I was adding an extra paragraph to my post as you were posting this comment. The relevant units to consider are UTF-16 code points, not bytes.
Applescript:
set uUmlaut1 to (character id 252) -- One code point ("ü").
set uUmlaut2 to (character id 117) & (character id 776) -- Two code points as in HFS+ ("u" & combining diaeresis).
{uUmlaut1, uUmlaut2, uUmlaut1 = uUmlaut2}
PS. Even System Events's 'delete' command simply moves things to the trash on my machine.
Last edited by Nigel Garvey (2012-12-09 06:19:05 am)
Offline
An enlightening day, as enlightening here, as the snow outside! No pun intended. ![]()
Offline
Nigel Garvey wrote:
Yvan Koenig wrote:
I have some difficulties to imagine that the (DEVANAGARI LETTER AU) character is stored as a single byte like ASCII characters
Hi Yvan.
I was adding an extra paragraph to my post as you were posting this comment. The relevant units to consider are UTF-16 code points, not bytes.Applescript:
set uUmlaut1 to (character id 252) -- One code point ("ü").

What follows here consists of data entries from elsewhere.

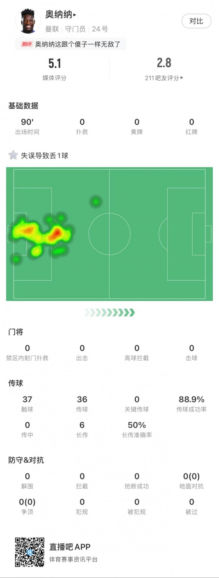 12月8日訊 英超本輪比賽,曼聯(lián)2-3森林,奧納納本場數(shù)據(jù):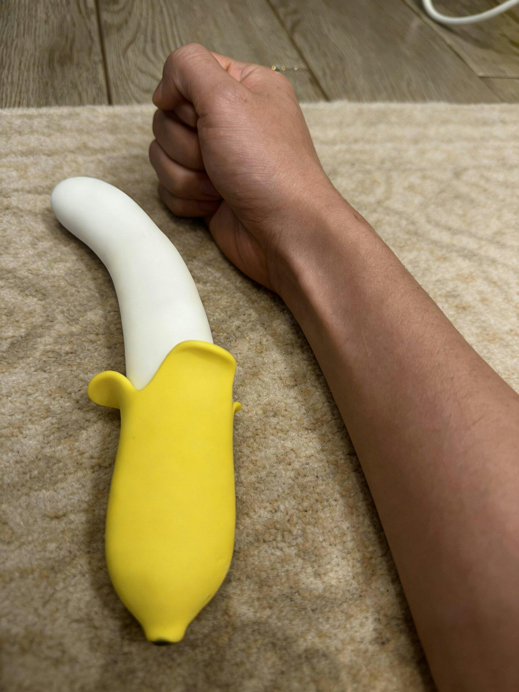 The banana shape isn't just a gimmick—it's actually really well-designed. The curve fits the body's natural contours perfectly, making it easy to use hands-free in certain positions. The silicone is squishy and soft, not rigid. The broad base makes it safe for anal play, which is a big plus for us. It's a well-thought-out toy that clearly had user comfort in mind during design.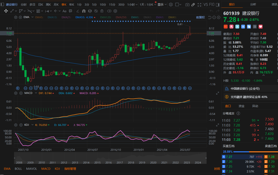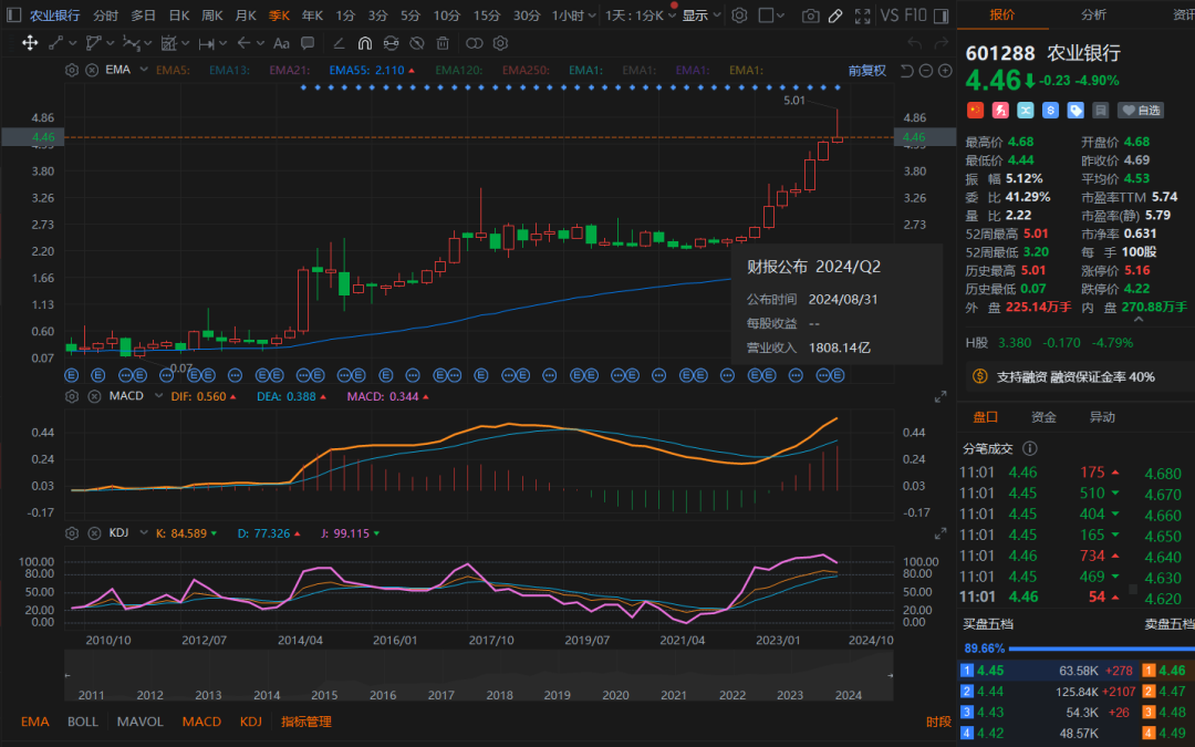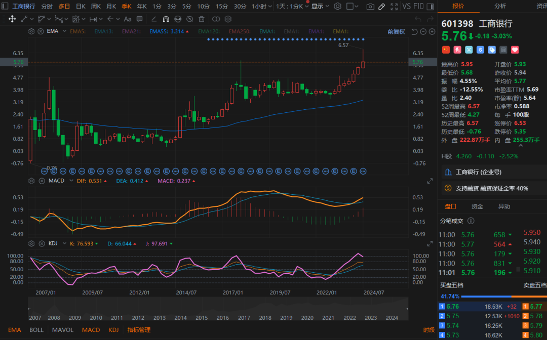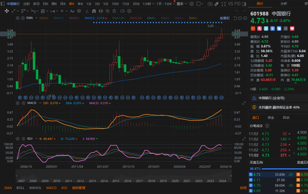 如下图所示,四大国有银行,目前的季度KDJ指标,都无一例外的出现顶部卖出信号了。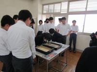 ●届いた蚕を養蚕部の池田君(3年)と顧問の大丸先生で箱から当面のすみかに丁寧に移します。蚕の成長とともにすみかも大きくなっていきます。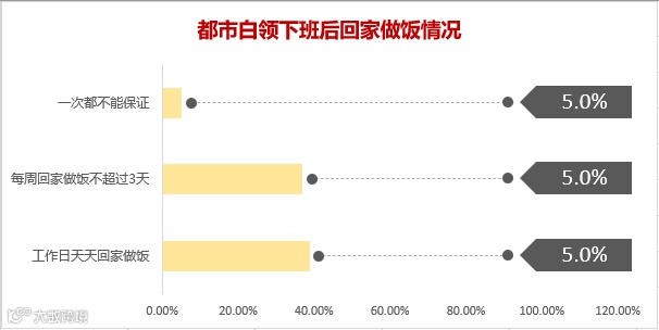 根据相关数据显示,北上广深这样的一线城市,不足四成的白领能够保证工作日晚上是自己在家做饭,其中74.1%的白领是以“工作忙,没时间”作为理由,还有人则是因为本身懒得做饭。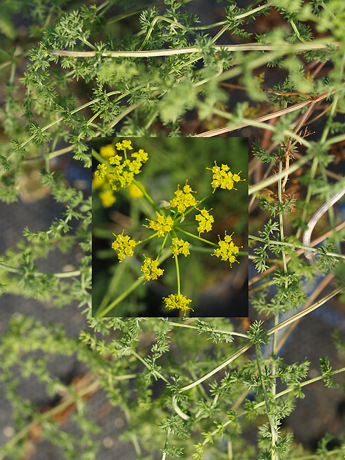 Bi-tripinnate grey-green foliage, the second and third pinnae clustered like asparagus foliage. (Was Unknown Apiaceae No.16.) Complex heads of yellow flowers autumn, winter and spring Southern and SE Turkey.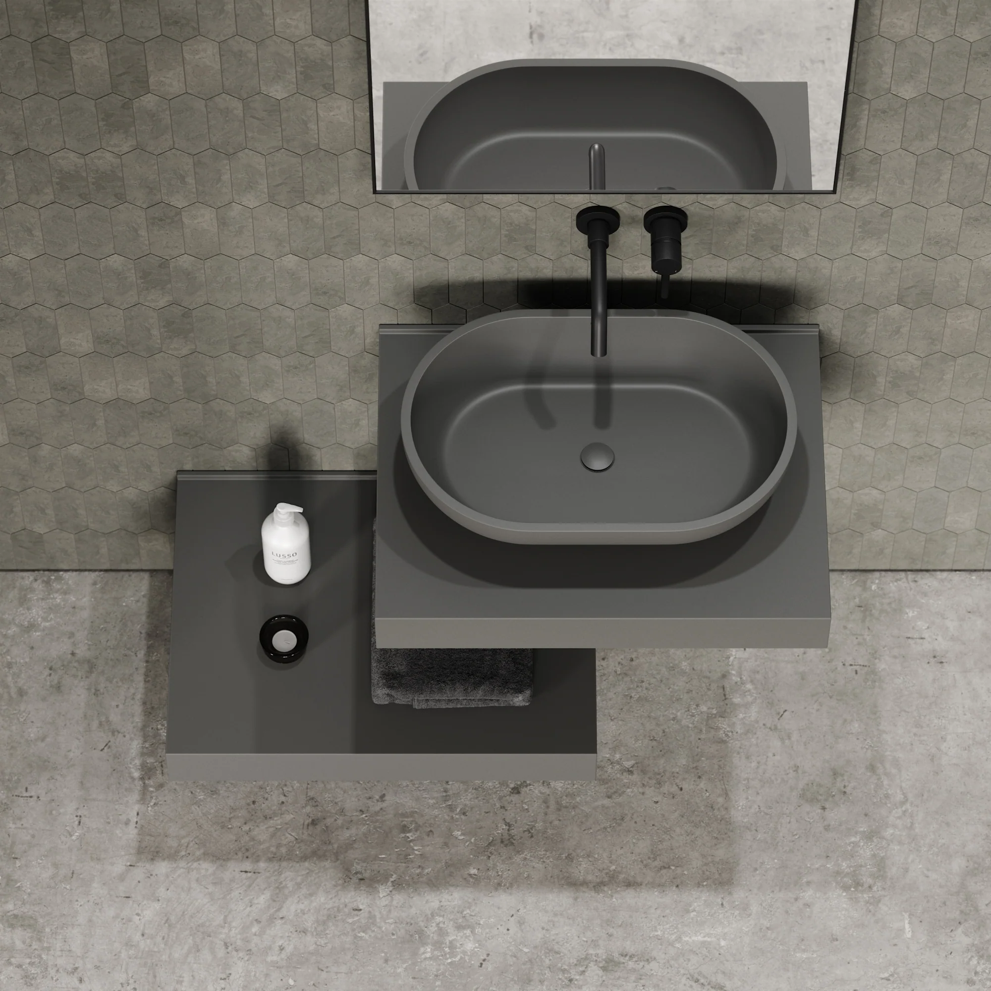 The Lusso Stone Countertops feature both clean lines and a look. Only 100 mm thick which gives it that modern contemporary look! Ideally designed to maximise space, this stone countertop comes supplied undrilled to allow flexible positioning of your Basin/Tap. The Lusso Stone Towel shelf is the perfect accessory to complete the look! Perfect for extra storage space. Featuring both clean lines and a look. Only 25 mm thick which gives it that modern contemporary look! Ideally designed to maximise space!
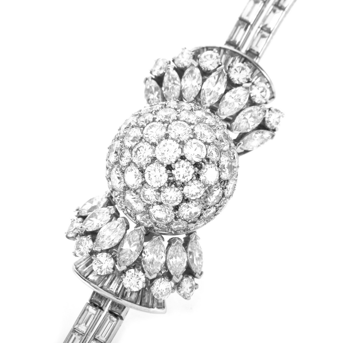 Vintage Van Cleef & Arpels Diamond and 18 Karat White Gold Dome Bracelet Watch with LeCoultre Manual Movement. Set throughout with round brilliant, marquise and baguette cut diamonds E-F color, VVS-VS clarity. Stamped Van Cleef & Arpels, numbered NY16233. Case measures 17mm; bracelet 6-1/8" L. Approx. weight: 46.1 grams. Condition: Very good vintage condition. Running. Please note the gallery does not warranty the running condition of watches. Estimate: $12000.00 - $15000.00 Domestic Shipping: $32.00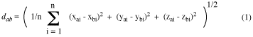 is achieved through minimization of the rms distance d between the two structures. The latter is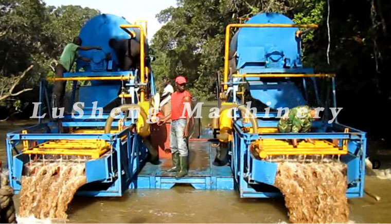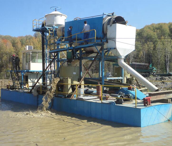 本淘金船具有投資成本合理、回收率高、能耗少、操作簡單、移動方便簡單、等特點,是河道沙金開采的設(shè)備。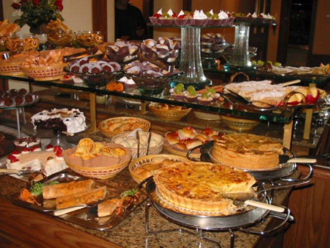 Na confeitaria Valbella, o buffet inclui frios, salgados assados (croissant de queijo e presunto, folhado de carne e de palmito e quiches) e fritos (rissole, bolinha de queijo e coxinha de frango, servidos na mesa com reposição), empadão de frango palmito, pão de queijo e torta suíça. Nos doces, a casa oferece dois tipos de geleia (de morango e damasco), dois tipos de bolos secos, doces folhados e de oito a dez tipos de torta.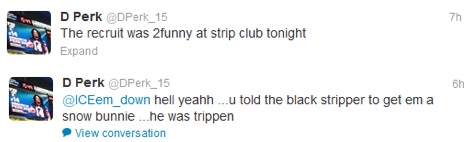 First off, you’re not supposed to take recruits to a strip club if you’re trying to abide by NCAA rules. I get that not everyone is following the rules, so stuff like this is to be expected. But man, how dumb do you have to be to actually tweet about it? Apparently these youngsters don’t understand that Twitter is a public medium and that tweeting about something is like telling reporters about it. Don’t these guys have instant messenger or text messaging capabilities when they want to reminisce about stuffing $20 bills in Heather, Hope and Tiffany’s g-strings.

set uUmlaut2 to (character id 117) & (character id 776) -- Two code points as in HFS+ ("u" & combining diaeresis).
{uUmlaut1, uUmlaut2, uUmlaut1 = uUmlaut2}
In the given example, the uUmlaut character is :
ü (LATIN SMALL LETTER U WITH DIAERESIS) whose Unicode value is $00FC and UTF-8 value is $C3 BC
When I insert it in a file/folder name, it reduce the number of characters allowed by one. So it's clearly using two figures.
On the other side, character औ (DEVANAGARI LETTER AU) whose Unicode value is $0914 and UTF 8 value is $E0A494 may be inserted in a file/folder name and is counted as a single figure.
It's why puzzle me.
Bingo, I got it. Thanks to your explanations and table :
http://developer.apple.com/legacy/mac/l … table.html
Before that, I didn't understand that "points" are in fact two bytes.
औ (DEVANAGARI LETTER AU) is a 2 bytes Unicode value but it's stored as a single point.
ü (LATIN SMALL LETTER U WITH DIAERESIS) is a one byte Unicode value but it's stored as a two points object.
Ḕ (LATIN CAPITAL LETTER E WITH MACRON AND) is Unicode $1E14 but it's stored as a three points object.
So, we may replace an ASCII character by औ with no impact upon the number of characters allowed. (255)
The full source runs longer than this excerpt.